HVS can occur in hyperglobulinaemia, elevated cell counts (erthrocytosis or leukaemia), or where cells present have reduced deformability, such as sickle cell disease in humans. In veterinary medicine, HVS is most commonly seen with hyperglobulinaemia and erythrocytosis. Plasma/serum viscosity can be specifically measured using viscometers, but this is
rarely performed in veterinary medicine. The impact on the plasma/serum viscosity in hyperglobulinaemia is, in part, determined by the type of globulin involved, as they have different molecular weights and structure; therefore, the precise globulin concentration at which HVS develops is case dependent. Individual patients tend to have quite consistent “symptomatic thresholds”, where globulin concentrations beyond a certain point will reliably be associated with HVS.

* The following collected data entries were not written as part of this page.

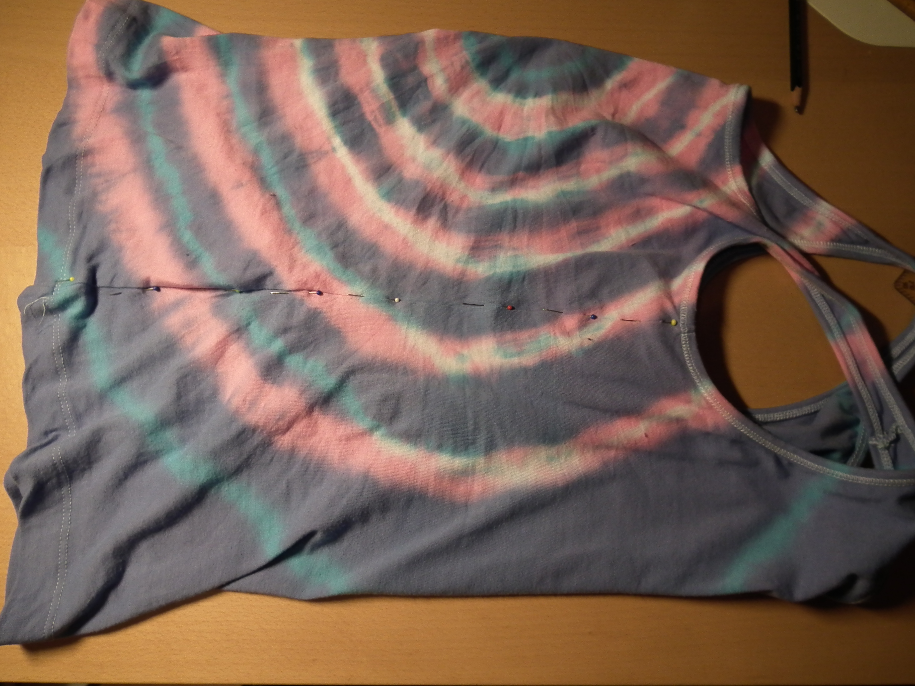 modifications: tank top with batik dye and braided back
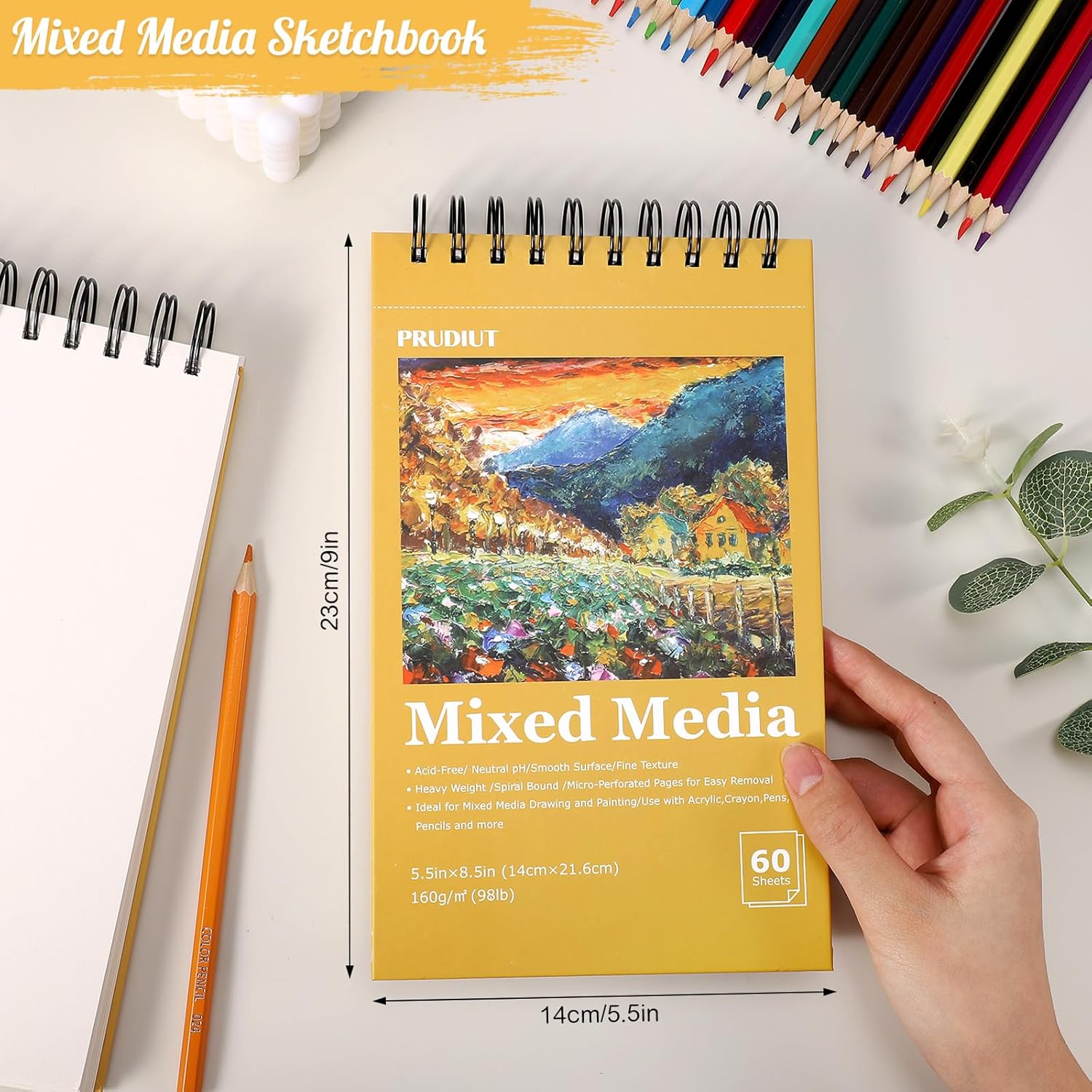 - 【Premium Mixed Media Sketchbook Duo】2 artist-grade mixed media sketchbooks (5.5×8.5" small sketchbook size), each with 60 sheets of heavyweight paper. Portable for outdoor sketching, studio work, or daily journaling—ideal for students, hobbyists, and pros
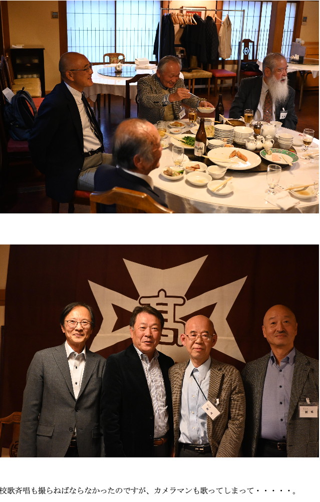 懇親会は、総会参加者の記念撮影を行った後、なかなかビールが出てこなかったのですが、初代会長 野口会員(4回)からのご挨拶をいただいていたところ、丁度スピーチが終わる時点でビールが回り、すぐさま野口会員の高らかな発声で乾杯が行われました。少しだけグレードを上げた中華料理を食べつつお酒を酌み交わし、各テーブルにおいて和やかな雰囲気のなかでそれぞれの話題に興じた後、参加された全会員から、親睦を深める思い思いのスピーチをいただきました。宴の締めは、大塚聡幹事のリードで恒例の校歌斉唱及び横浜春高会へのエールが元気よく響き、来年の再会を誓ってお開きとなりまし た。
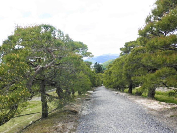 ↓上離宮へのぼってきました、昔は田んぼの畦道に過ぎなかった道は松並木が綺麗に植栽され「御馬車道」として両側の田・畑と共に離宮の十境の一つです
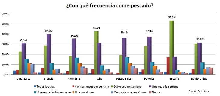 El 75% de los españoles consume pescado un mínimo de 2-3 veces por semana, lo que sitúa a nuestro país a la cabeza de Europa, según la primera encuesta realizada sobre Consumo de Pescado y el Papel del Sector Pesquero en la Unión Europea. Los españoles se destacan así, frente al 70% de los europeos que declara consumir pescado una vez por semana.
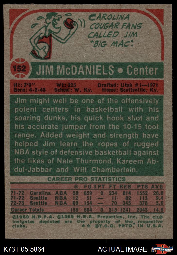 1973 Topps #152 Jim McDaniels 7 - NM
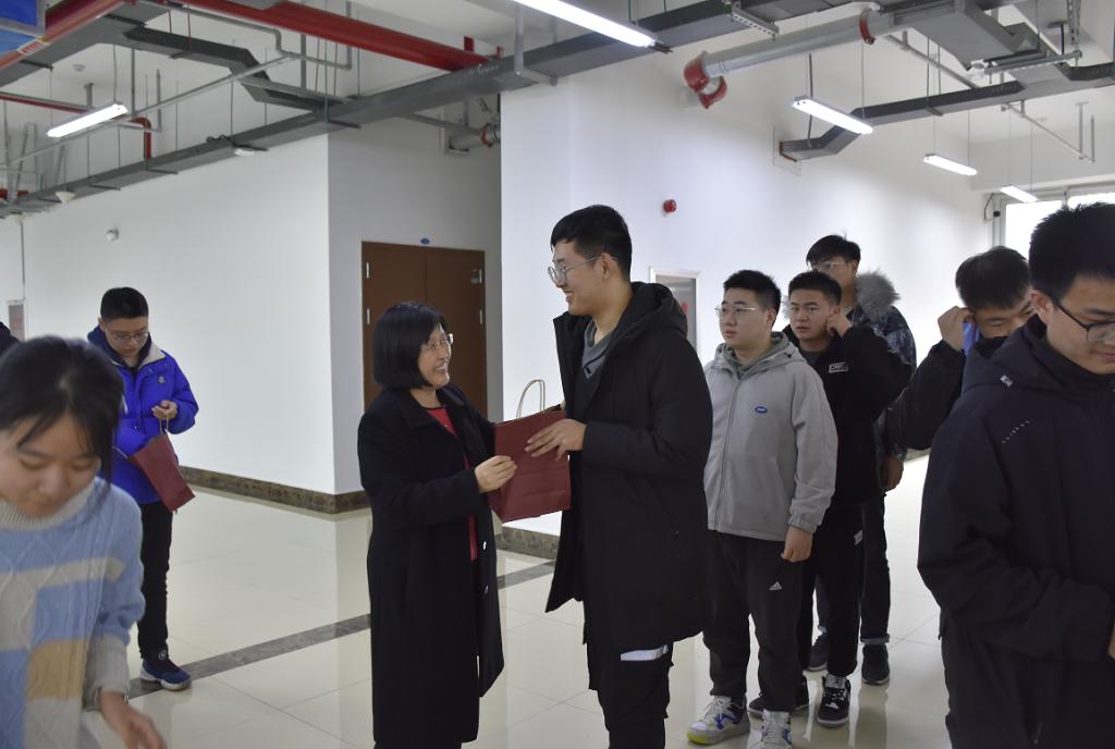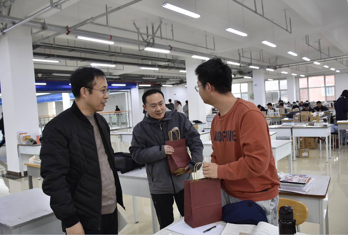 在慰问活动前,学院组织班主任、辅导员老师按照学生报考志愿为400多名考研学子在精心选取的对应中国名校明信片上逐一手写下了同学姓名和祝福语,并为每名同学挑选了具有马到“橙“功、“苹”安顺利美好寓意的橙子和苹果,将以上祝愿放入吉祥如意的红色纸袋中组成一个个凝结学院爱心的幸运福袋。活动现场,毕学军鼓励同学们:“考研是一个征程,也许平坦,也许艰辛,是对人的意志力、执行力的考验,希望同学们勇往直前,戒骄戒躁,金榜题名。”建环183王昊同学说:“感谢学院老师的关心,真是给了我们一个大大的惊喜,我们一定会努力学习,不辜负期望,考取研究生,争取更大的发展,将来回馈学校、学院。”
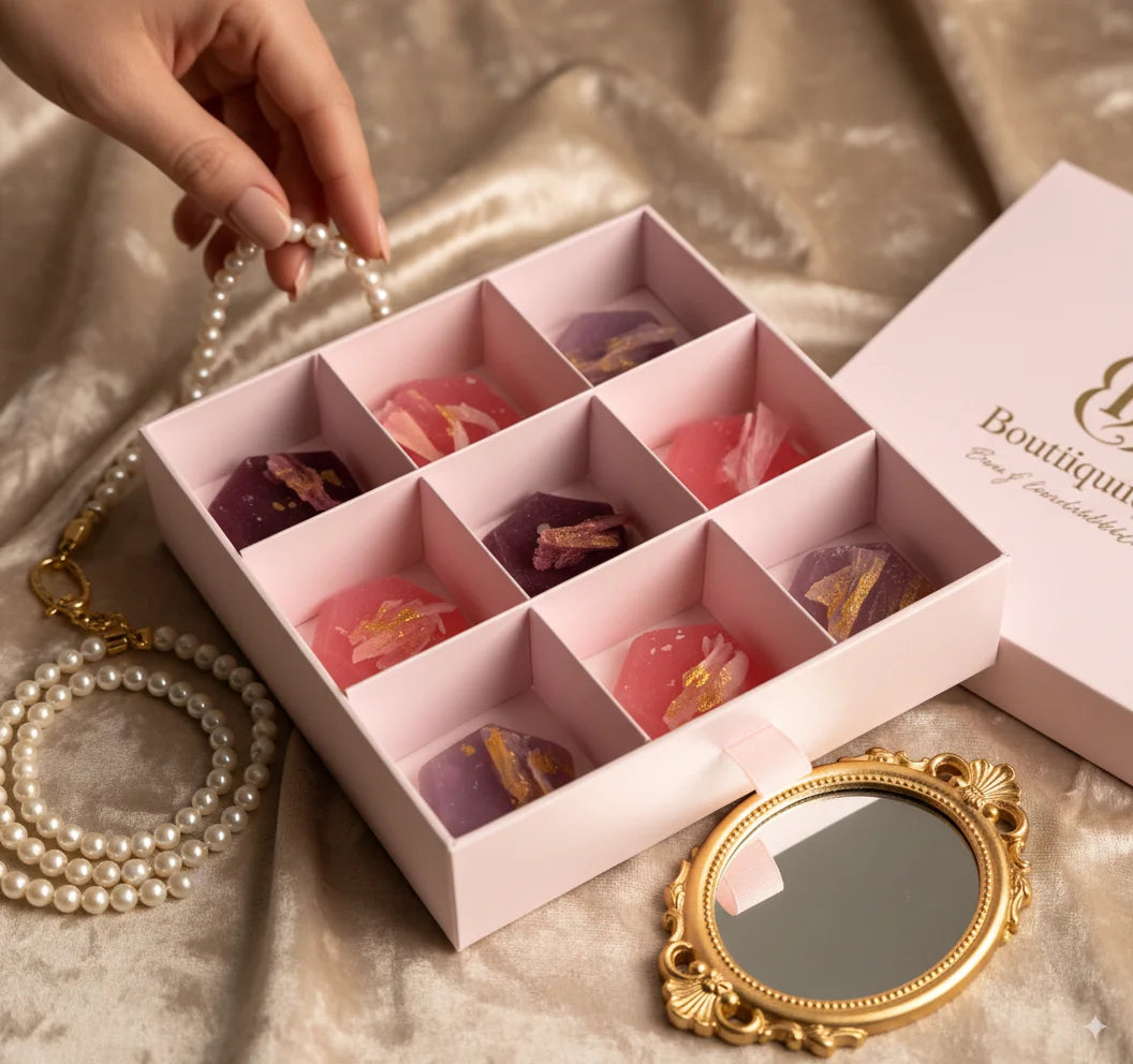 Una caja elegante que reúne cristales de cinque con sabores afrutados y florales para una degustación preciosa.
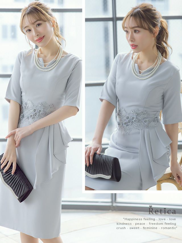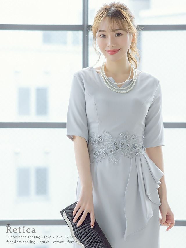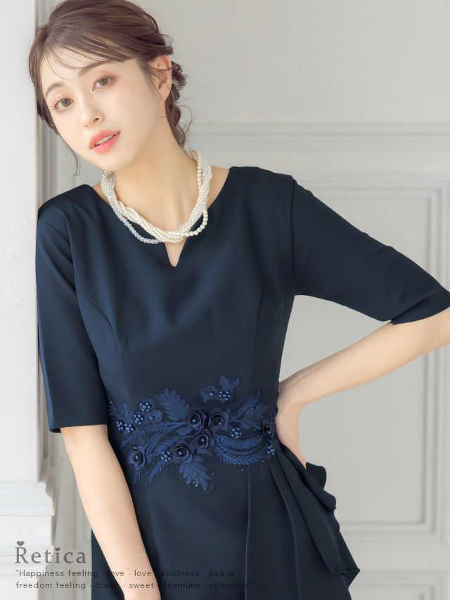 洗練された女性に♪ [SALE] ワンカラー五分袖フラワー刺繍膝下結婚式パーティードレス [Retica/レティカ]
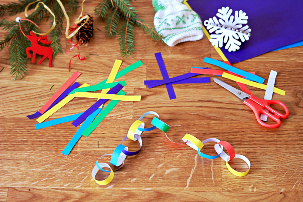 Нека детето изреже лентички, след което заедно ги залепете една за друга като халки. Бързо, лесно и ефектно. А за родителите – приятен спомен от детството.
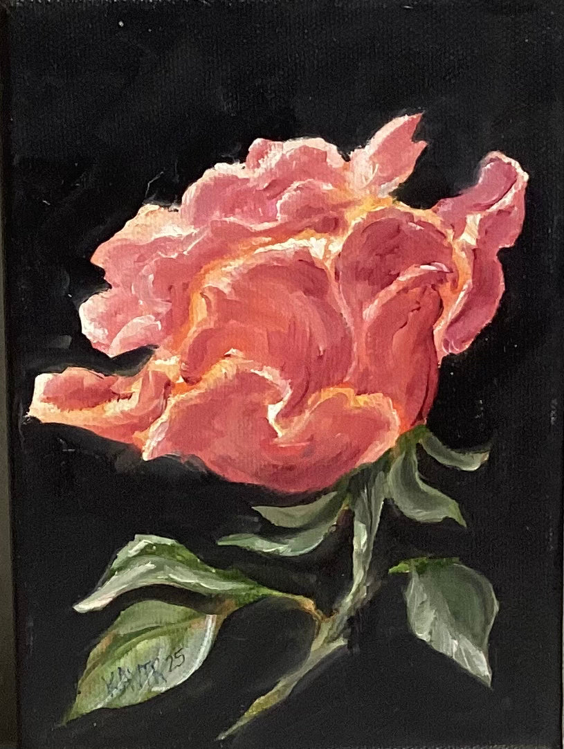 Rosa coral individual sobre fondo negro, lienzo estirado de 5 x 7 pulgadas
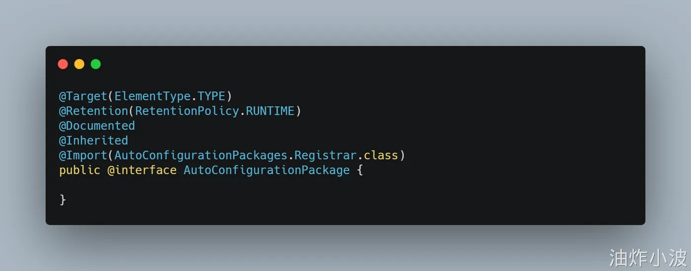 - @AutoConfigurationPackage:AutoConfigurationPackages.Registrar.class
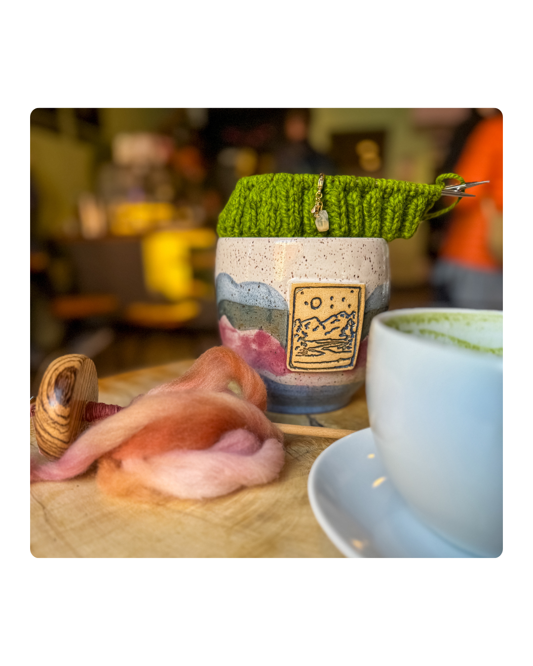 A handcrafted yarn bowl, carefully crafted and adorned with a Sassafras Knits stamp, provides both comfort and beauty. No holes or twisted openings necessary for this vintage bowl replication, as the design features a scenic river flowing towards the mountains, with the moon and stars shining above.
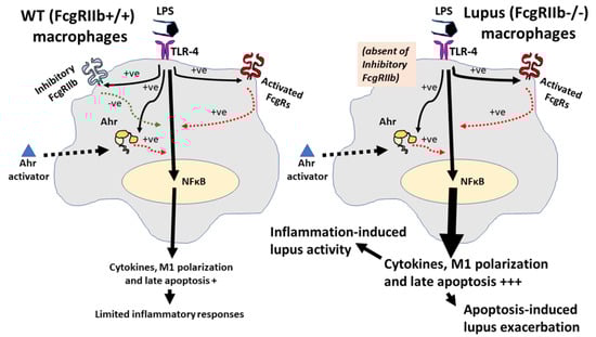 Udompornpitak, K.; Bhunyakarnjanarat, T.; Charoensappakit, A.; Dang, C.P.; Saisorn, W.; Leelahavanichkul, A. Lipopolysaccharide-Enhanced Responses against Aryl Hydrocarbon Receptor in FcgRIIb-Deficient Macrophages, a Profound Impact of an Environmental Toxin on a Lupus-Like Mouse Model. Int. J. Mol. Sci. 2021, 22, 4199. https://doi.org/10.3390/ijms22084199
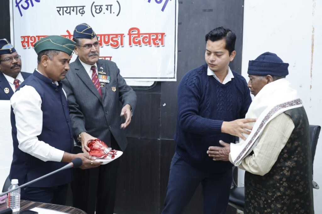 रायगढ़ के हॉनरी सूबेदार मेजर सुखू राम बारबा को उत्कृष्ट सेवा के लिए किया गया सम्मानित
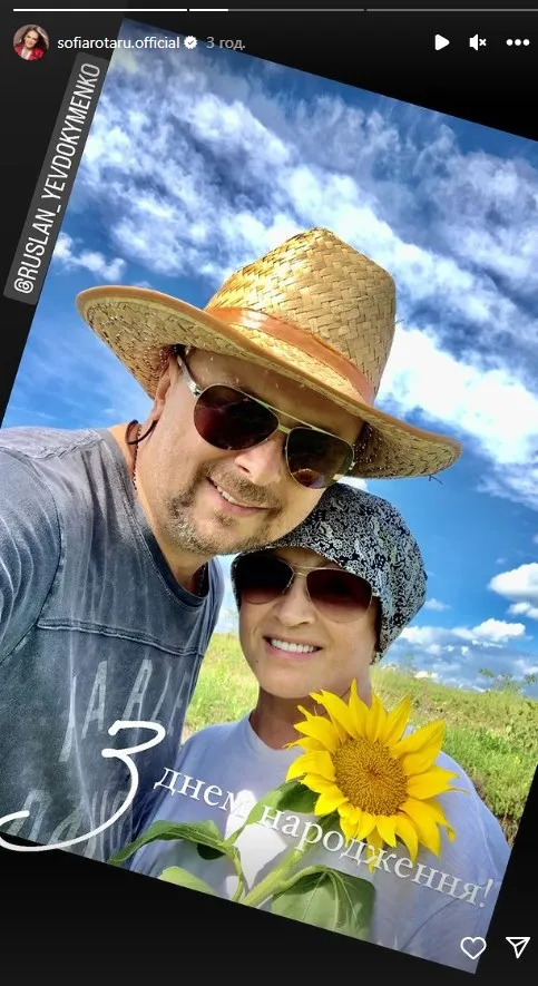 Софія Ротару поділилася з підписниками спільним фото з сином. На знімку співачка усміхалася та позувала в хустині та сонцезахисних окулярах. Водночас Руслан стояв у солом'яному капелюсі та синій футболкці.
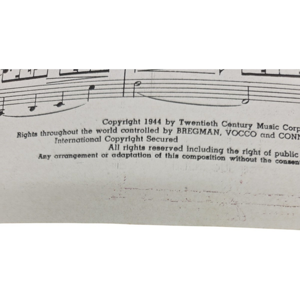 "I'm Making Believe" 1944 sheet music from the "Sweet and Low-Down" featuring Benny Goodman is a vintage and collectible piece of music memorabilia. Published by Bregman, Vocco & Conn, Inc in the United States, this sheet music is a valuable addition to any musician or music enthusiast's collection. With its unique charm and historical significance, this piece captures a snapshot of musical history from the mid-20th century. Perfect for fans of jazz and swing music, this sheet music allows musicians to play timeless classics from the past.
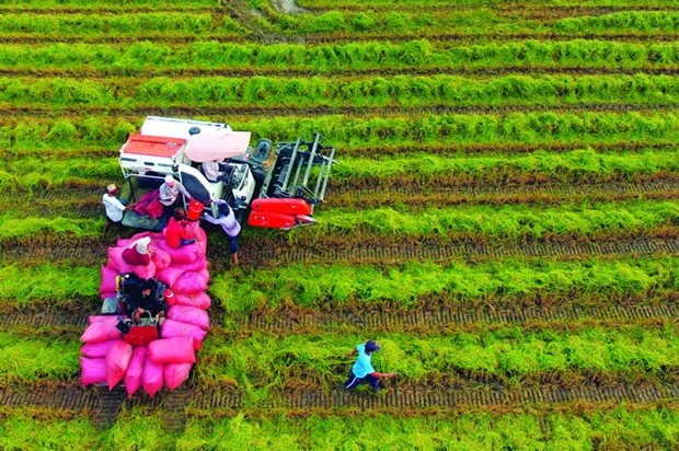 Thu hoạch lúa bằng máy gặt đập liên hợp tại xã Phước Hưng, huyện Trà Cú (Trà Vinh). Ảnh: Phúc Thanh - DTMN

HVS in dogs is most commonly associated with multiple myeloma, but has been rarely reported secondary to both Ehrlichia (Hoskins et al, 1983) and leishmaniasis (Proverbio et al, 2016).
Although hyperglobulinaemia is common in Angiostrongylus vasorum infection, hyperglobulinaemia as marked, as was seen in this case, is rarely reported, and HVS is a potential aetiology of this dog’s collapse episodes.
The ideal therapy for emergency treatment of HVS due to hyperglobulinaemia is plasmapheresis. This reduces plasma viscosity promptly, preventing further damage to the retinas and brain, while therapy is instituted to address the underlying cause of the hyperglobulinaemia. Unfortunately, plasmapheresis has very limited availability for use in dogs in the UK at this time.
Further investigations showed no evidence of concurrent infections, or other explanations for this dog’s clinical presentation. Treatment with topical imidacloprid/moxidectin led to resolution of clinical signs and clinicopathological abnormalities. The dog remains on long-term Angiostrongylus prophylaxis and has had no further collapse episodes (Table 4; Figure 3).